There is no silver bullet. If a rogue company uses actual people to post spam to your site, it is unlikely you can stop this on the face value of the comment posted. Prevent people from leaving a URL either to their site or in the comment will some stop some types of comments.

But even with that, it will probably not catch and stop inappropriate comments or plain trolling.

These different types of comments and the associated tactics to stop them address different issues too:

  • Having spammy links on your website can hurt your Search Engine rankings
  • Having inappropriate / hateful and trolls comments can pollute and create a poor impression for visitors, but know that deleting comments you don't agree with is the wrong way to go. Note: If comments push unwanted information or opinions but remain respectful, deleting them is akin to censorship. You can ask that commenters provide proof or relent given that disinformation is rife and the modus operandi is to promote untruthful points of view without substantiating their arguments.
  • Lots of spam also means that this spam is in most cases going to be logged / inserted into the database that WordPress runs on, which is pollution, but in extreme cases can slow your website down.
  • Some extreme anti-spam solutions actually prevent actual people from posting comments
  • Middle of the row anti-spam solutions make it tedious for people to leave comments, think Captcha or Re-Captcha with a message telling you that you didn't recognise and input the correct distorted characters. Or you are on your 3rd screen of images from re-captcha where you need to identify all the images with motorbikes. And you think "forget it". "I can't be bothered to send them a message any more".

I've tried so many solutions over the years and they include:

  1. Solutions on the website that try to stop the spam using techniques that prevent automation (vast majority of spam is managed by automation, it takes the spammers less time, so costs less money).
  2. Solutions that use more advanced techniques than the previous category and stretch into re-captcha territory and frequently block actual people for straight forward reasons easily explained but you'll probably end up losing comments.
  3. Solutions that have a minimal install on the site and offload processing of the comments through triage to approve, flag as spam or delete etc.
  4. Solutions that sit as a net around your site and identify the IP addresses of known spammers to stop them from even getting to the site. This same technique is recommended in security principles to stop known bad apples before they can even try to infiltrate your site and is a principle of a lot of firewall products (i.e. iptables).
  5. Types of Machine Learning solutions that learn to identify tactics and other characteristics of spammers approaches and will actually adapt (but require input to do so). Some marketers will call this Artificial Intelligence or AI, the new buzzword in town, when in reality we couldn't afford it if it actually was artificial intelligence, but it sounds cool.

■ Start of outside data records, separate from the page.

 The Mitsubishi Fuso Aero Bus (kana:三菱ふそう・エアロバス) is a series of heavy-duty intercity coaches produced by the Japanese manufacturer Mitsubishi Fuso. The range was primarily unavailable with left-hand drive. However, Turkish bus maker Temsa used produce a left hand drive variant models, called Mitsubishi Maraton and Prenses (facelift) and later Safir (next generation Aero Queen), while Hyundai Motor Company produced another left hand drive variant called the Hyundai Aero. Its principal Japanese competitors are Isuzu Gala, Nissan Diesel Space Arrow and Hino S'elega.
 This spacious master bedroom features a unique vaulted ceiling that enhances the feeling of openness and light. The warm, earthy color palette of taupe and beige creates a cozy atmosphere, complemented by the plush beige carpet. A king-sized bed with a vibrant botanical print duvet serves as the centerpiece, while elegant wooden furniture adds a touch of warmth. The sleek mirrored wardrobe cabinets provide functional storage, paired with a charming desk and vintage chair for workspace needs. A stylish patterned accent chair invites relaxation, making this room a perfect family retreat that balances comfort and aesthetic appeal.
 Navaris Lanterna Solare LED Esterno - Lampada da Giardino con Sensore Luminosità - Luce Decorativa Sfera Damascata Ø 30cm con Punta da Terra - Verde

I have used Akismet on many occasions and even paid for it on commercial sites, but it has not really grown much in anti-spam functionality over the years. Maybe this is too harsh a comment, but with all the other approaches mentioned, Akismet hasn't really adopted alternative ways to stop spam as far as I can tell. I would put this is category 3 above. At the moment, not the first solution I would recommend.

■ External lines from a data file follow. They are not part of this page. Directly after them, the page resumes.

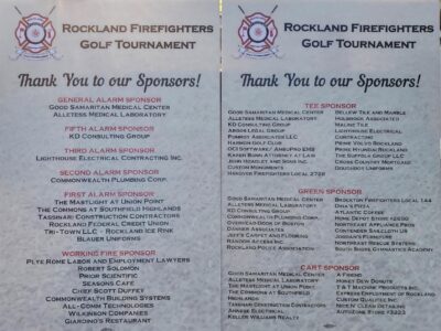 Rockland, MA – Today, Alletess Medical Laboratory is proud to sponsor and participate in the local Rockland Firefighters Golf Tournament at Ridder Farm Golf Course. Alletess is grateful for the hard work our fire fighters and first responders put in to protect and serve the local community. Alletess Medical Laboratory was founded in Rockland over 40 years ago and our corporate headquarters is still based in Rockland, MA.
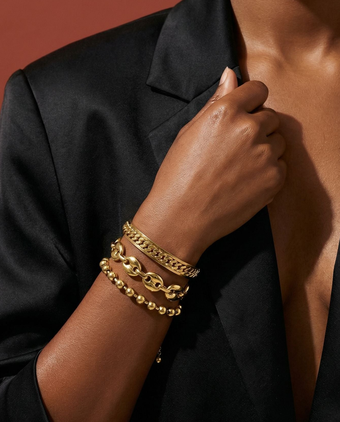 The Laurel 3-Piece Bracelet Set is perfect for subtly enhancing your look. This trio features a combination of beaded bracelets, chain links, and mariner links in a golden tone. Perfect for everyday looks or dressing up, this versatile set adds a touch of elegance and sophistication to any outfit. Elevate your accessory collection with these chic pieces.
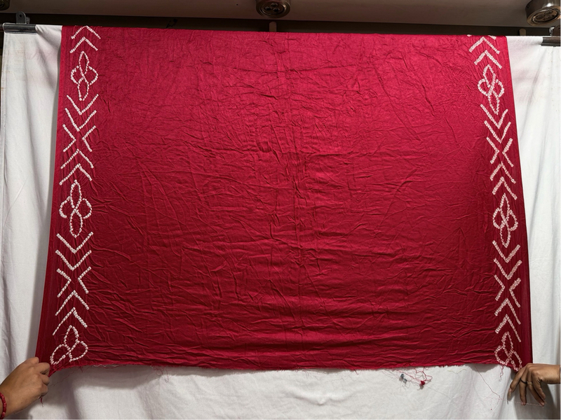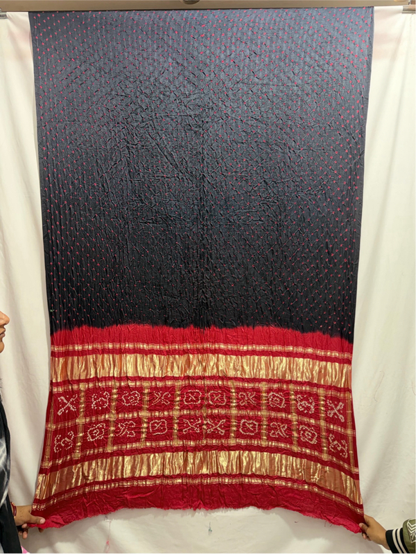- Color Story: Striking Light Red & Black complemented with Bandhej Craft & Creation.
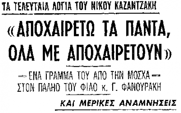 Στις 20 Ιουνίου του 1957, λίγου μήνες πριν τον θάνατό του, ο σπουδαίος λογοτέχνης έγραφε, από τη Μόσχα, στον φίλο του Γεώργιο Φανουράκη:
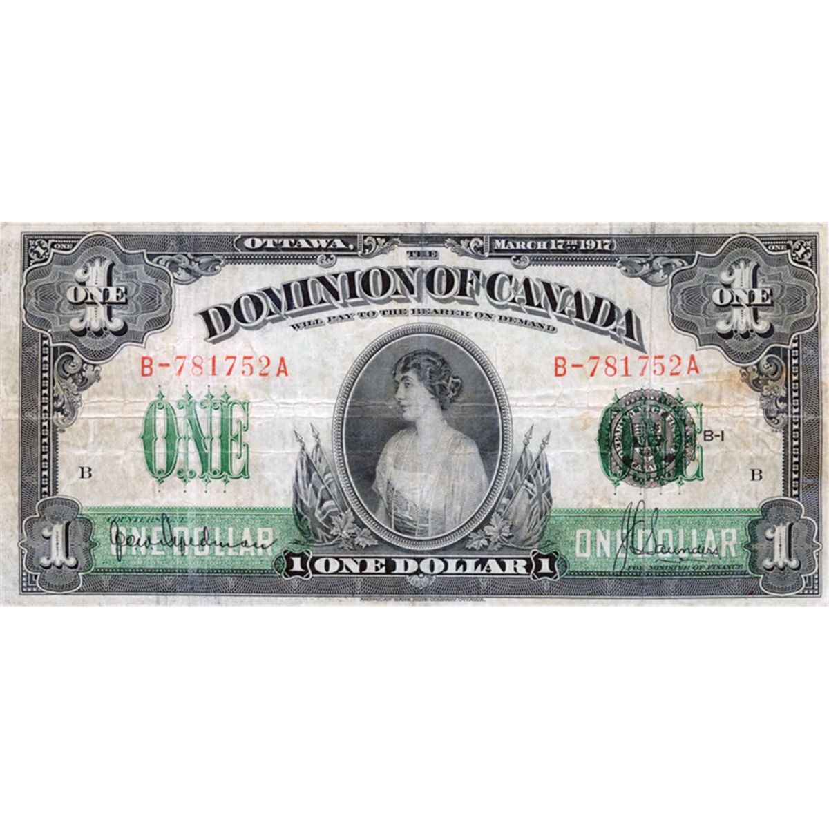 $1.00. March 17, 1917. DC-23c. No. B-781752A/B. PMG graded Very Fine-20.
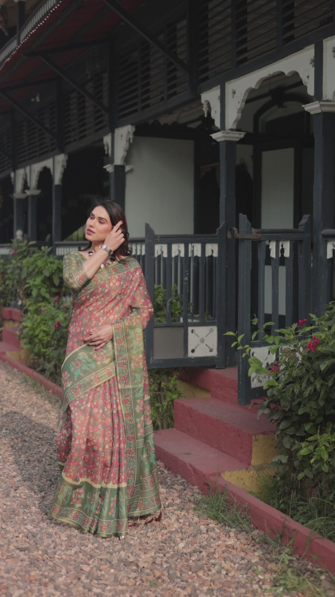 Bring home timeless tradition blended with artistic charm in this Bottle Green Printed Silk Saree. Featuring a beautiful contrast of rose pink floral patterns across the body, this saree stands out with its heritage-inspired elephant motifs that add a regal, handcrafted feel.

I used a pretty controversial (see linked article) plugin called WPSpamShield for a few years and it was more of a category 2 plugin with some pretty caustic people behind it. Context: I work in a global consultancy company and I have to download big files frequently so I use a product called Internet Download Manager and when I tried to download a file from the company behind this plugin called Red Sand Marketing to debug a situation, I had some guy tell me, copying their 'lawyer' I guess, that I had tried to hack their site and if I continued they would take me to court. I was asked to download a file and their security systems switched from a small few kilobytes file to a humongous one. When I contacted them saying what is going on I was told I was trying to hack them. Because I (well IDM) tried to request their file too many times, it was shocking. The guy stopped any further discussion, saying they blacklisted me. I get the impression they went out of business though (should I say "shocking" too).

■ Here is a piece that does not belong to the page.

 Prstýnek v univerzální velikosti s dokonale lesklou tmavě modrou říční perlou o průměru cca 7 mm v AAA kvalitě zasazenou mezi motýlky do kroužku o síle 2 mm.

I currently use a solution that falls into category 1 from the list above and at some point it may stop being as good at preventing spam, but at the moment it stops the fully automated spam dead in its tracks. I have had one or two (what looked like) normal comments that were caught at the beginning and the author and I discussed it; for the first one the comment was clearly of inferior quality, but it was also from a blacklisted IP address. Trying to follow up with the author of the comment would lead nowhere, as if they weren't interested in talking 😉 The plugin author is probably correct in thinking it was actually a spammer trying to figure out why his script to automate spam wouldn't work on this site. But I think that now and again there will be a person that happens to get an IP that a spammer used and their comment will incorrectly be considered as spam because of the way they submit the spam plus the blacklisted IP.

WP Armour Honeypot AntiSpam
WP Armour Honeypot AntiSpam

Other than having purchased a lifetime deal of the WP Armour plugin, I have no relationship with the company and if you'd like to try it out, I currently recommend it to anybody that asks me about anti-spam solutions. There is even a free version. You can test it yourself via a simulation to check how it works and what people will see. The message that people see is not great, nor is it very self explanatory. Granted in 99% of cases, only automated scripts and not people will see it, but it would be good to direct people to a means to alert you if they have an issue, bots are unlikely to complain.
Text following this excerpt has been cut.